Охота на охотников

22
18
20
22
24
26
28
30

— Для моего душевного равновесия. Да не боись, я свой. Ты что — до сих пор сомневаешься? Ствол я тебе потом верну. Решай быстрее, а то этот, на крыше, беспокоиться начнет.

Мент подумал-подумал — да и протянул мне «Макаров».

— Ладно, — проворчал он. — Куда лезть-то, знаешь?

— На пожарную лестницу, — я поспешно, пока он не передумал, выхватил пистолет. — Она в соседней палате, у окна. Ты веревку контролируй. И обыщи этого типка. Может, у него, кроме ножа, еще что при себе есть.

— Учи! — хмыкнул охранник.

— Нашел учителя, — я засунул пистолет за пояс и, не удержавшись, посмотрел на Иванца. — Ну что, Ваня? Сам говорил, что за свои слова отвечать надо. Вот мне бы сейчас, по хорошему, дать ему тебя прирезать — ты б за свои слова и ответил. А я его, видишь, остановил. Может, мне самому тебя прирезать? Ради высшей справедливости?

Иванец не ответил. Он дрых и знать не знал, какие страсти кипят у его кровати. Вместо него ответил мент:

— Не вздумай! Какая это высшая справедливость, если суда еще не было?

Я, не удержавшись, хихикнул. Глупейший довод. Но вступать в дискуссию не стал — время поджимало. Махнув на охранника рукой, вышел в коридор, а оттуда — в соседнюю палату.

Здесь тоже спали. Но не так увлеченно — за здешних пациентов давешнему доктору денег не платили и он им снотворного пожалел. А потому, когда я открыл окно и собрался перебраться на лестницу, один из болящих сделал вид, что проснулся и недовольно пробурчал:

— Кого там хрен принес?

— Пожарная безопасность, — успокоил я. — Наличие пожарной лестницы проверяю. А вы, мужчина, спите. Все равно вас к пожарной лестнице не подпустят — без парашюта нельзя.

— Приснится же! — удивился он. Отвернулся к стене и сразу захрапел. Мне бы такие нервы.

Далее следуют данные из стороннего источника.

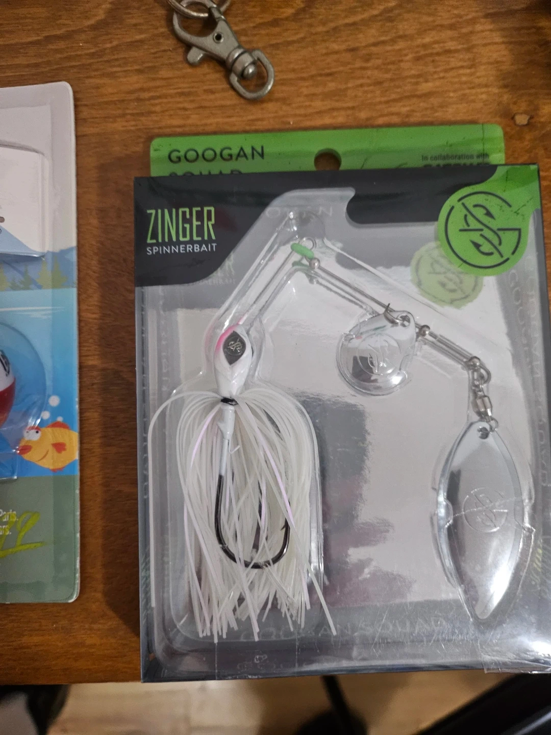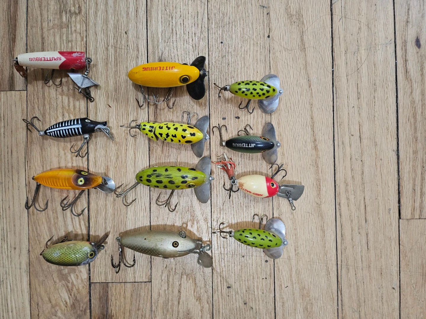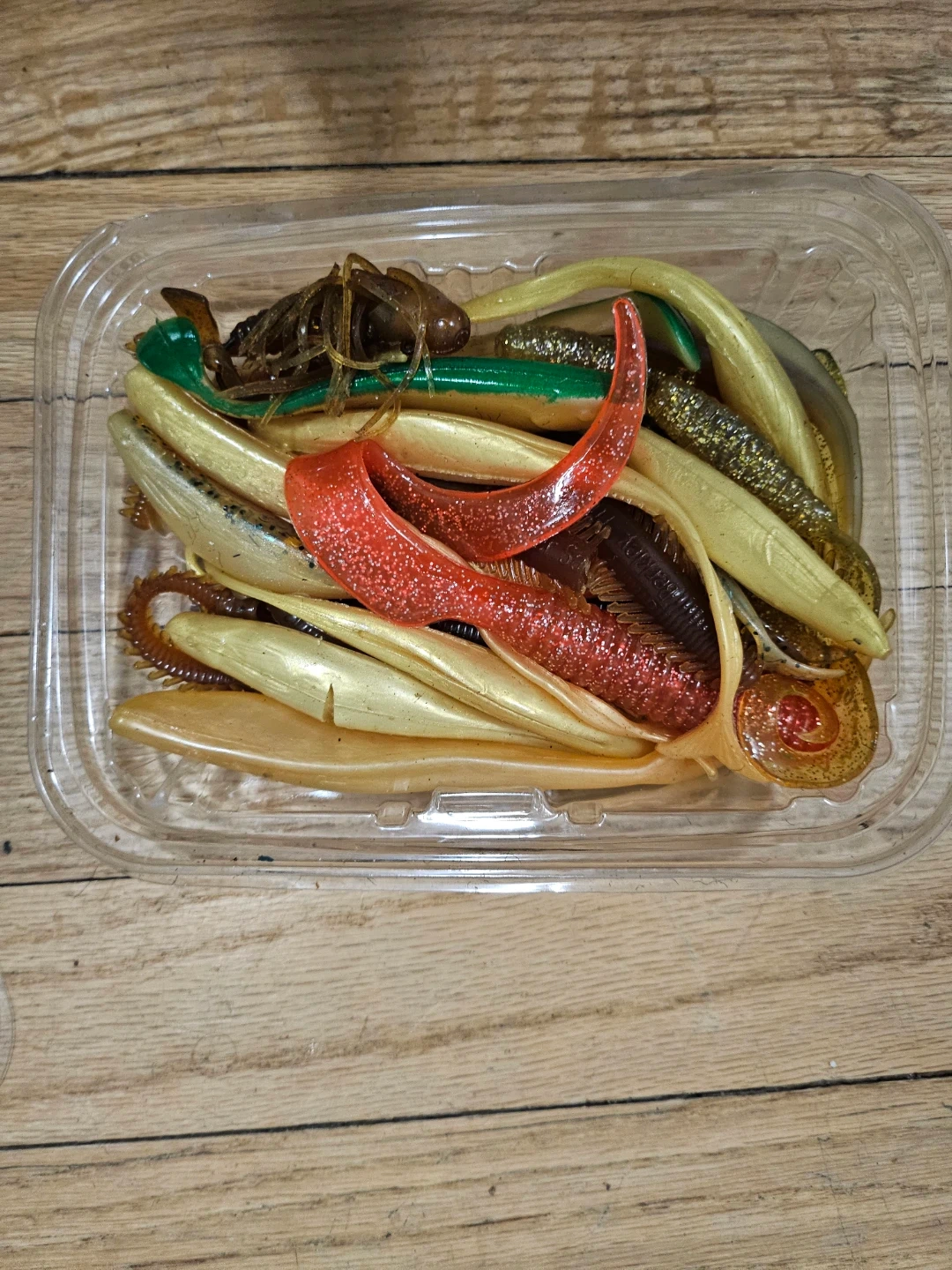 Includes a variety of fishing lures and unpainted jig heads. Specific brands visible include 'Mann's' and 'Eagle Claw'. Jig heads are 1/4 oz and there are 15 in the pack. A great selection for any angler!

Хотя — чего на судьбу грешить? Сам я, взбираясь по лестнице, тоже особого мандража не испытывал. Вместо мандража был кураж. Ощущение, будто все, что бы я сейчас ни сделал, окажется правильным и просто не может не получиться. Хорошее ощущение. Жаль, что оно меня редко посещает.

Добравшись до края лестницы, я понял, что не зря отговорил мента сдергивать Батона с крыши. Он действительно привязал к тросу не только себя, но и вытяжную трубу. Так что охранник задолбался бы дергать. Возможно, сделал бы Батону талию, как у бабочки, но трубу ему явно было не забороть.

Сам же Батон, дурак-дураком, стоял у той самой трубы и, пардон, мочился в нее. Меня он не заметил, да и ничего вокруг вообще не замечал — был слишком увлечен процессом. Так что я без труда подрался к нему с тыла и сунул пистолет в район почки:

— Что ж ты, гнида, делаешь? У меня соседу в рот льется, он уже захлебнулся совсем, а ты все ссышь и ссышь.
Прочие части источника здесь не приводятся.